Кульминация дня - лекция знаменитого филолога Ричля по случаю вступления в должность. Хлопнув дверью в Бонне, ученый обосновывается в Лейпциге. Большой зал забит до отказа. Все хотят слушать Ричля.
И вот, с довольной улыбкой, шаркая большими войлочными туфлями, профессор входит в переполненную аудиторию. Необычная обувь - из-за подагры, в остальном же праздничный костюм с белым галстуком безупречен. Итак, Ричль неспешно идет к кафедре, окидывает взглядом аудиторию и вдруг восклицает: О, да тут и господин Ницше! И радостно машет ему рукой.

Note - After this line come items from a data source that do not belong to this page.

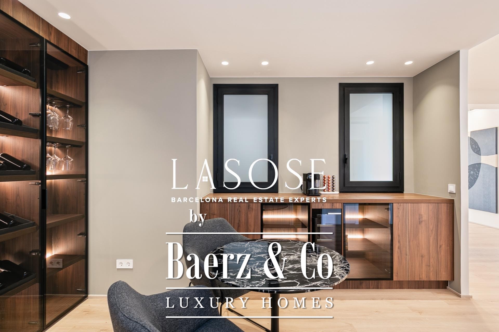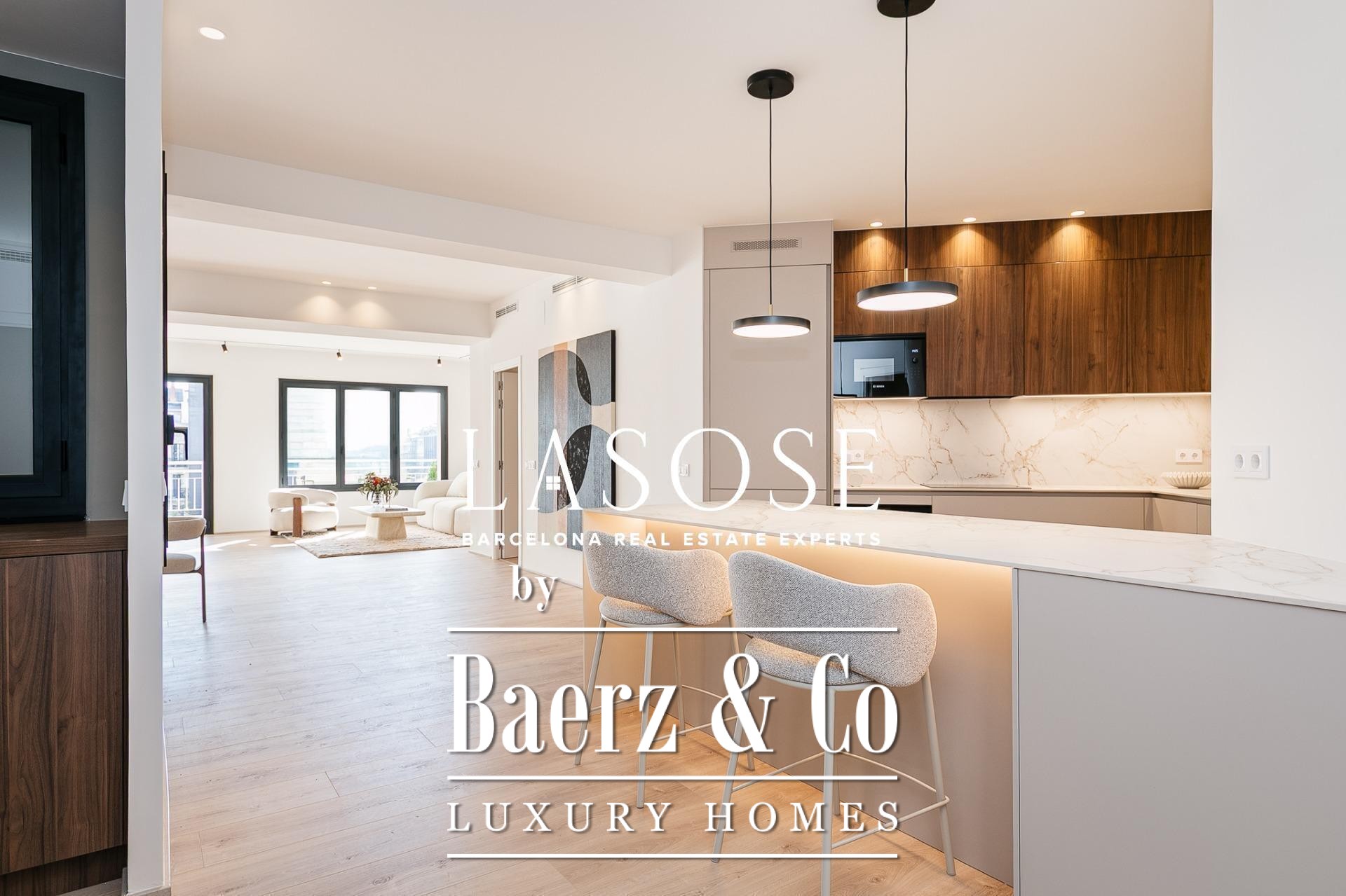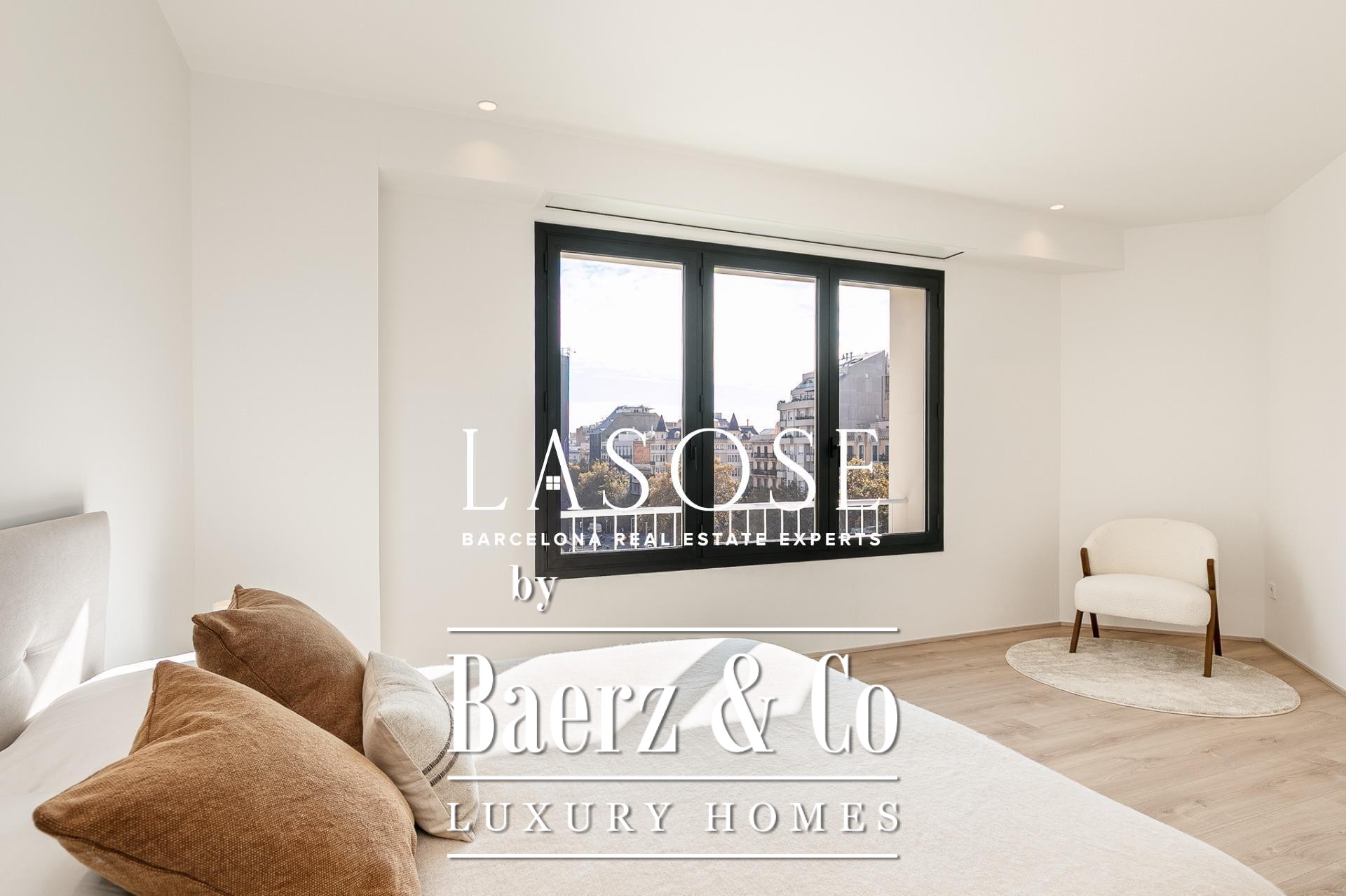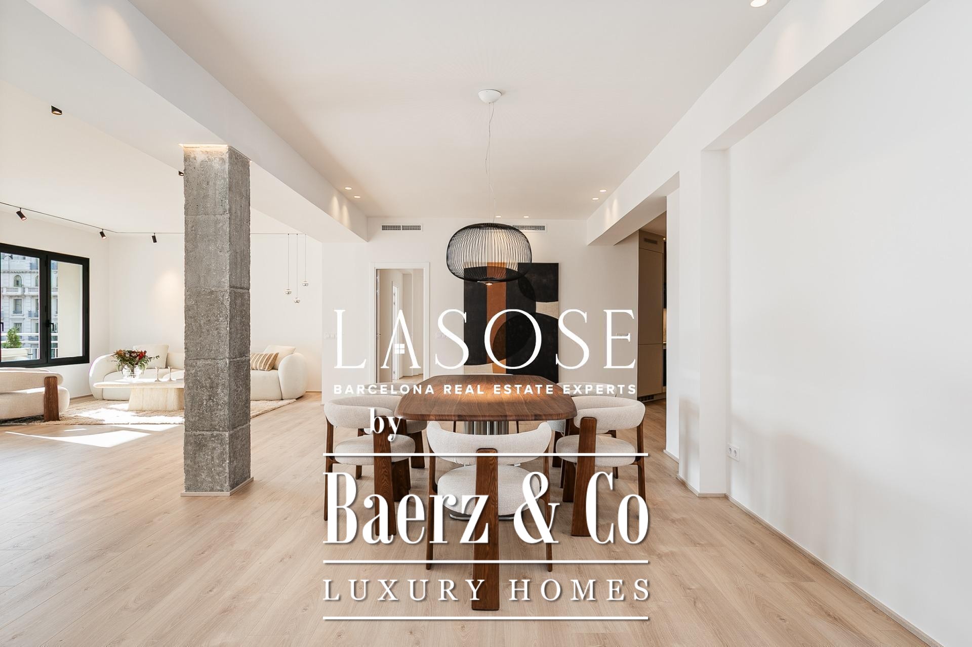 LASOSE presents a truly exceptional residence in Dreta de l’Eixample, one of Barcelona’s most exclusive and iconic neighbourhoods. Positioned on the impressive corner where Passeig de Sant Joan meets Avinguda Diagonal, this property enjoys a vibrant and sophisticated setting surrounded by designer boutiques, fine-dining restaurants, contemporary art galleries and grand tree-lined boulevards. Just steps from Passeig de Gràcia and the Sagrada Família, living here means experiencing the cultural and architectural heart of Barcelona while enjoying an unparalleled quality of life.. This magnificent corner residence of approximately 300 m2 has been completely refurbished using high-end materials, resulting in a bright, elegant and contemporary home. Its southeast orientation and expansive windows allow natural light to flood every space throughout the day. The generous 90 m2 living-dining area opens onto an impressive corner terrace with panoramic views over the Eixample and the emblematic Plaça Mossèn Jacint Verdaguer, creating an idyllic setting to relax and enjoy the city’s rhythm from the serenity of your own home.. The kitchen, designed by Santos and equipped with top-of-the-line Bosch appliances, stands out for its sophisticated and highly functional style. The central island, featuring an electric wine cellar and coffee area, becomes an ideal social hub. An adjacent pantry room provides practical and discreet storage without compromising the home’s refined aesthetic.. The night area comprises four double bedrooms. The master suite includes a private terrace, a walk-in wardrobe and an en-suite bathroom with a freestanding bathtub. A second en-suite bedroom offers additional privacy for guests, while the remaining two bedrooms maintain the exceptional luminosity characteristic of the property. The bathrooms, finished in Porcelanosa stone with Noken brushed-copper fixtures, offer exquisite design and premium comfort.. The residence includes a service area with laundry room, machinery room and a 9 m2 storage room within the building. In terms of technology, it features an integral home-automation system with voice control, Mitsubishi zoned air conditioning, an aerothermal heating system and double-glazed carpentries for optimal insulation.. Located in a listed finca regia with a double-height entrance hall, concierge service, main elevator and service lift, this residence offers exceptional privacy with only two homes per floor. A unique opportunity for those seeking a property that blends exclusivity, design, space and an unbeatable location in the heart of Barcelona.. .
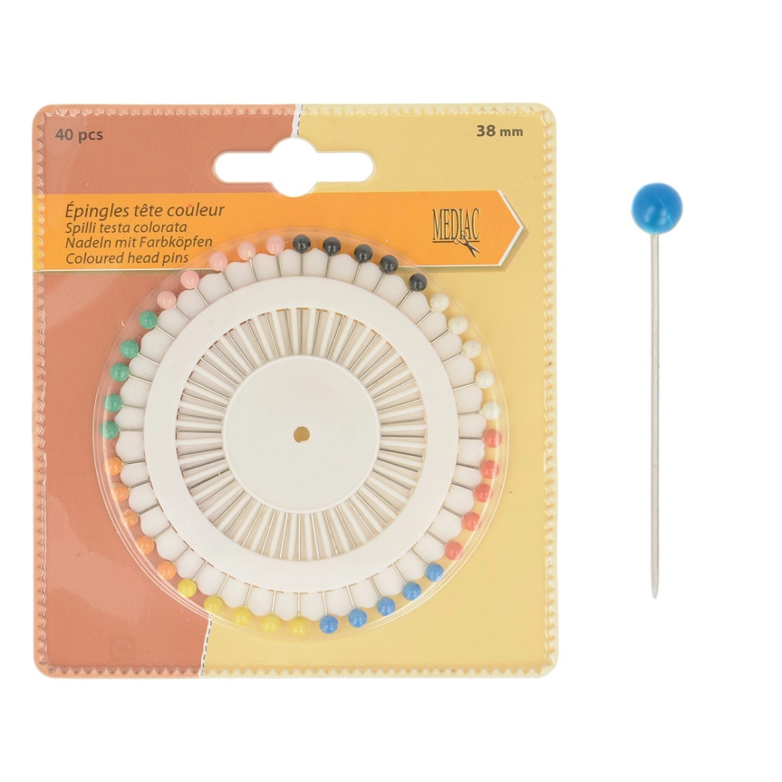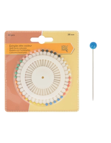 Accessoire de mercerie: Lot de 40 épingles à tête couleur
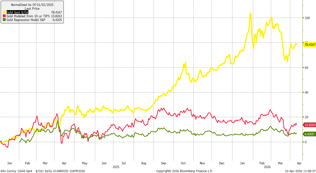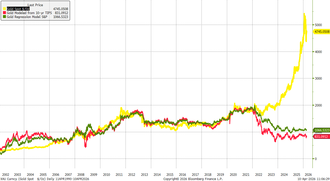 Zlato se od roku 2022 oddělilo od standardních tržních fundamentů. Zdroj: Bloomberg Finance LP

Великий Ричль, пламенный оратор, слишком умный и жизнелюбивый, чтобы быть в науке филистером, чутьем угадывает в Ницше юного гения, становится его покровителем, наставником, можно сказать, духовным отцом.
Ах, как опостылела Фридриху наумбургская родня, все эти бабы, желающие, чтобы его жизнь была сведена к заботам о свежести белья, благочестии сердца и чистоте помыслов. Как не хватало ему истинного мужа, которого он мог бы обожать и даже боготворить, - такого, как Ричль.
Всего лишь за несколько семестров Ричль сделает из расхлябанного студента молодого ученого, который, не окончив университета и не защитив докторской диссертации, получит профессуру. Он, избранник Ричля, уже в начале декабря приглашен на чай и вскоре станет членом клуба тринадцати филологов, которые раз в неделю собираются, чтобы подискутировать на заранее заданные темы, и каждый раз сменяют друг друга в кресле председателя.
В январе 1866 года наступает очередь Ницше. В ресторане "Лев" он делает доклад о нравственном и политическом содержании изречений Феогнида, греческого поэта, который пытался спасти аристократическое общество. Это же полный абсурд, считает Ницше, что аристократ Фердинанд Лассаль года три тому назад здесь, в Лейпциге, вдруг проникся любовью к угнетенным и основал "Всеобщий германский рабочий союз". Человек-господин снисходит до получеловеков. Так это видит Ницше. Глубокую неприязнь он будет питать и к Карлу Марксу с его вышедшим в 1867 году "Капиталом". Элита не должна знать сострадания, заявит он в своих философских трудах.
Итак, он рассказывает и рассуждает о Феогниде, хранителе благородного начала. Это его дебют в мире филологов. Он несколько скован, пока не замечает, с каким восхищением внимают ему коллеги. В свою студенческую каморку с романтическим видом на сад, в дом номер 4 по Блюменгассе, он возвращается поздно ночью. Да, он счастлив и так доволен собой, что решает показать текст доклада Ричлю.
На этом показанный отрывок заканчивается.